--- The records Enclosed Below ---

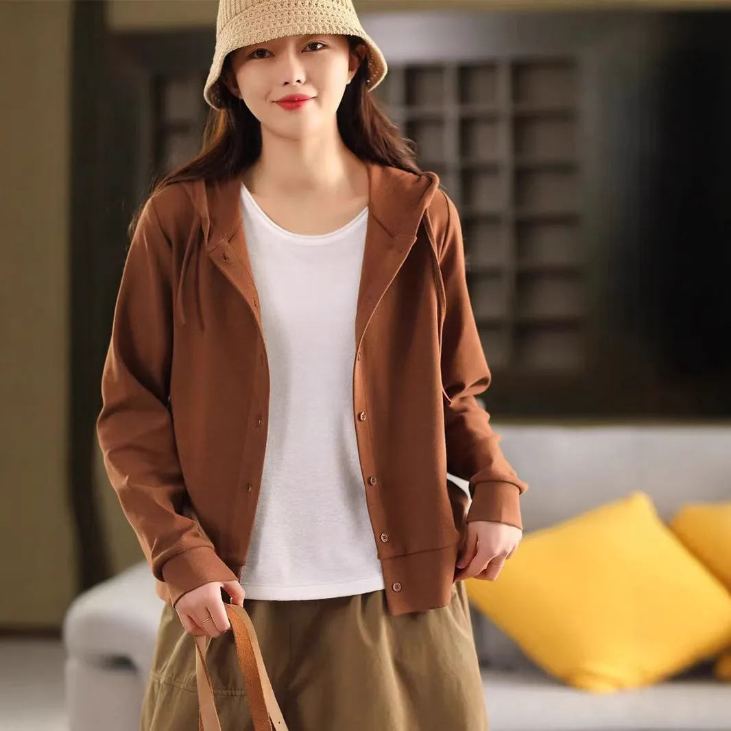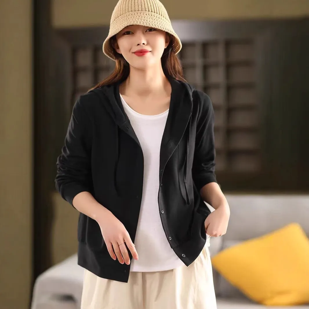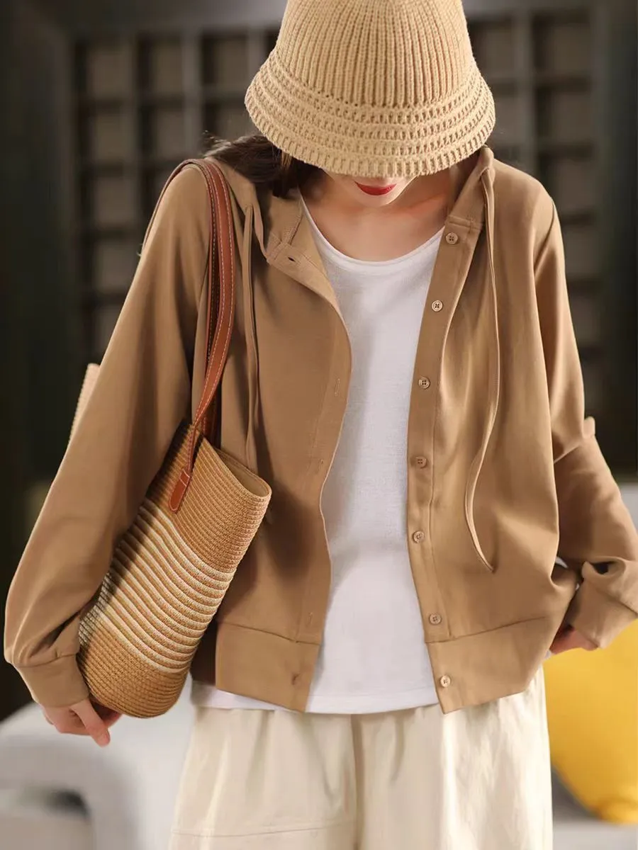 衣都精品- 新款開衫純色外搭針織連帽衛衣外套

--- End of Enclosed The records ---
--- The records Enclosed Below ---

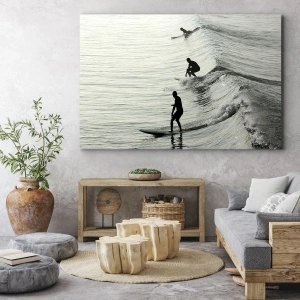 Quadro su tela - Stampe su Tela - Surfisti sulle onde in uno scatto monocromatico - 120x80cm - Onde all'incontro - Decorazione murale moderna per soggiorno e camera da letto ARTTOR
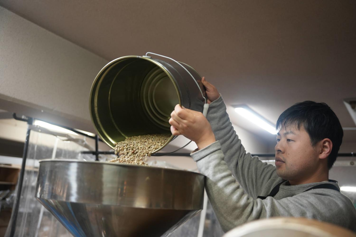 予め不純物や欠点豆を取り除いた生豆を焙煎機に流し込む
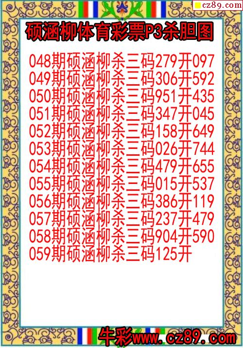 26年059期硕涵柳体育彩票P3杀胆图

--- End of Enclosed The records ---

▸ Problem
Excerpt from the records above: set down only the lines from the one that contains "Quadro su tela" through the one that contains "26年059期硕涵柳体育彩票P3杀胆图", inclusive, word for word. Pictures stay out.

▸ Exercise response
 Quadro su tela - Stampe su Tela - Surfisti sulle onde in uno scatto monocromatico - 120x80cm - Onde all'incontro - Decorazione murale moderna per soggiorno e camera da letto ARTTOR
 予め不純物や欠点豆を取り除いた生豆を焙煎機に流し込む
 26年059期硕涵柳体育彩票P3杀胆图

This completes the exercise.